___ RECORDS SHOWN

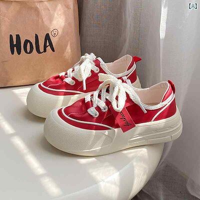 スニーカー レディース キャンバス シューズ フラット ローカット 女性 レトロ味 シック 厚底 白靴 春 カジュアル 靴
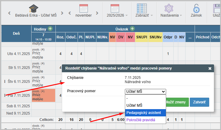 2. Zobrazí sa tabuľka, z ktorej pri pracovnom pomere vyberieme ten správny, ku ktorému dané chýbanie/neprítomnosť patrí. Zmeny uložíme.
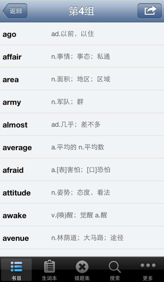 本系列APP精心整合了从初中到研究生阶段的所有核心词汇,包括人教版教材单元词汇、大学英语四六级、托福、GRE等考试高频词汇。初中高中词汇严格按教材单元划分,便于同步课堂学习;高阶词汇采用乱序排列,避免记忆惯性。每个APP包含100个精选单词,科学分配学习量。特别值得一提的是,所有词库都经过专业教研团队反复校验,确保释义准确、例句实用。应用还会根据用户学习数据动态调整词表顺序,让记忆效率最大化。
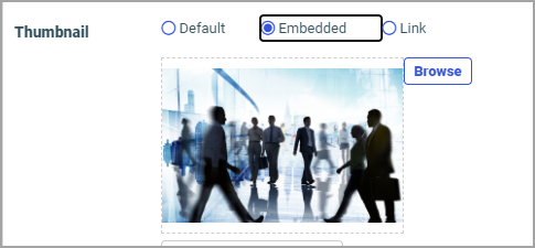 In the Open dialog box, select an image file and click Open. The custom image displays in the preview section of the Thumbnail property, as shown in the following image.
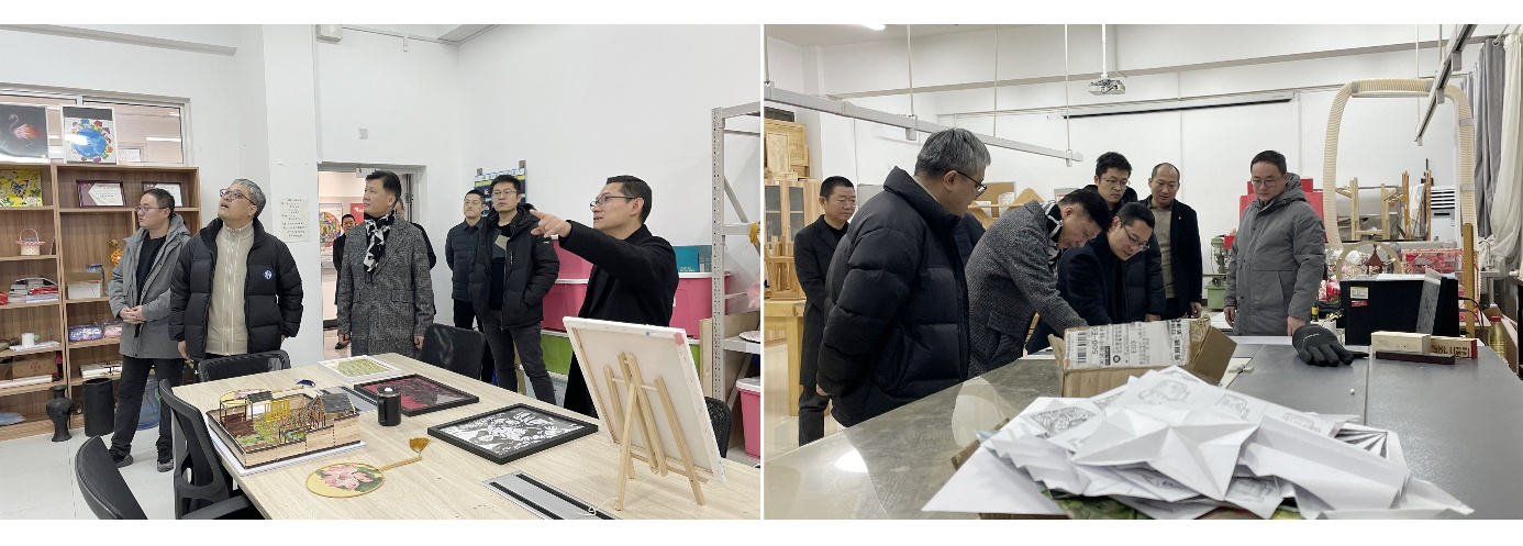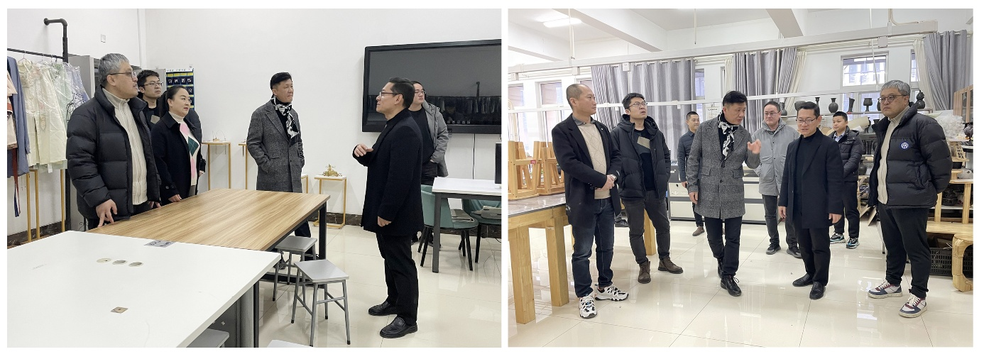 考察团一行首先来到了设计艺术学院实验教学中心,在张博院长带领下大家先后参观了学院的画室、工作室以及专业实验室,了解了学院在实践教学方面的教学理念、校企合作的相关成果以及学院进行社会服务等方面的情况。
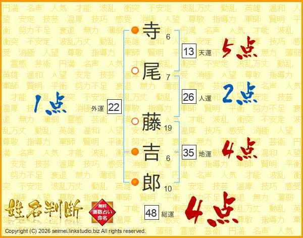 寺尾藤吉郎さんの総運は48画の4点!

______

Please output the lines from the line that contains "2. Zobrazí sa" through the end of the records, both ends included, exactly and with no pictures.

- [THE ANSWER]:
 2. Zobrazí sa tabuľka, z ktorej pri pracovnom pomere vyberieme ten správny, ku ktorému dané chýbanie/neprítomnosť patrí. Zmeny uložíme.
 本系列APP精心整合了从初中到研究生阶段的所有核心词汇,包括人教版教材单元词汇、大学英语四六级、托福、GRE等考试高频词汇。初中高中词汇严格按教材单元划分,便于同步课堂学习;高阶词汇采用乱序排列,避免记忆惯性。每个APP包含100个精选单词,科学分配学习量。特别值得一提的是,所有词库都经过专业教研团队反复校验,确保释义准确、例句实用。应用还会根据用户学习数据动态调整词表顺序,让记忆效率最大化。
 In the Open dialog box, select an image file and click Open. The custom image displays in the preview section of the Thumbnail property, as shown in the following image.
 考察团一行首先来到了设计艺术学院实验教学中心,在张博院长带领下大家先后参观了学院的画室、工作室以及专业实验室,了解了学院在实践教学方面的教学理念、校企合作的相关成果以及学院进行社会服务等方面的情况。
 寺尾藤吉郎さんの総運は48画の4点!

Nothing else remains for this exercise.